Difference between comps in git repo and package repo

I was curious if anyone knew the difference between the git comps file

and the one found in the repo

https://dl.rockylinux.org/pub/rocky/9.3/BaseOS/x86_64/os/repodata/d20e81bf-d915-4b6d-b1cd-6a76cb8110aa-GROUPS.xml
https://dl.rockylinux.org/pub/rocky/9.3/AppStream/x86_64/os/repodata/956e246f-d2aa-4806-8fe8-b8ef9cb06d33-GROUPS.xml

From what I can tell the comps from git inform the installer what to install and comps from the repo inform what get installed for dnf groups. I wrote a script that goes through and pulls out every package from every group and I saw some packages were in the git comps but not the repo comps but it seems some of those were arch specific. I havent gone through every line but there definitely were differences

So my question is what is the difference and if I were to install “Server” which file would be the authority on which packages get installed?

The comps are used by certain tools (such as pungi) to group packages into functional groups. Comps is not only part of the repo data, but it also can help serve as one end of dependency solving when forming repositories.

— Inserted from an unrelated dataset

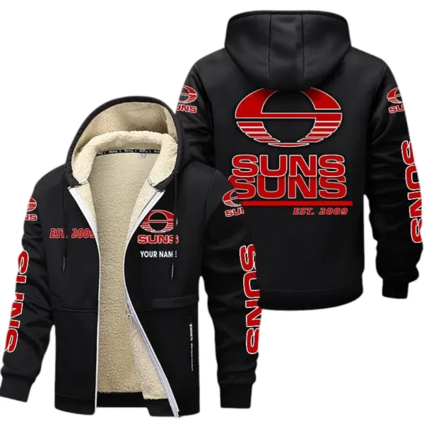 Gold Coast Suns Fans Gift Lamb Fleece Thick Coat, All Over Print Thick Coat For Sport Fan, Custom Name AFL144071725135 - Black

You have groups and environment groups.

A group is a collection of initial packages. A lot of these groups are split among BaseOS and AppStream. BaseOS, while it can live by itself in some cases, may have grouped packages that also exist in AppStream. This means that BaseOS will not list AppStream packages, but both of those repositories have to be enabled to be able to access the packages of both repositories. This stands to reason that both BaseOS and AppStream are enabled by default.

An environment is a collection of groups, whether mandatory or optional.

Both of these groups types may mention “variant”, which locks down a group/environment to a given repository or “arch”, which locks down a package, group, or environment to a given architecture. Meaning, some groups/packages while they could exist in the repositories are not available to the group/environment. Though, in most cases, packages for an unmentioned architecture may not even exist in the repositories at all, which is by design.

I would look at “core”, “Development Tools”, and “Legacy UNIX Compatibility” for examples.

“Server” is an environment that encompasses multiple groups. Some of those groups reference both BaseOS and AppStream. It stands to reason that BaseOS and AppStream will always be the default repositories that are enabled on a given system. BaseOS, being the only repository that can live by itself (which you shouldn’t do nor attempt anyway), is typically the starting authority, because it will contain most required packages. You can especially tell when you look at the “Standard” group that it references, and you’ll see a large amount are in BaseOS and a few are in AppStream (clear example is rsyslog, wget, and vim-enhanced). Compare the “Standard” groups in the repodata of BaseOS and AppStream, and you may see how they’re split.

Thank you @nazunalika this is super helpful! So, is it fair to say that the BaseOS GROUPS.xml and the AppStream GROUPS.xml should be just as accurate as the comps from gitlab in terms of what gets installed?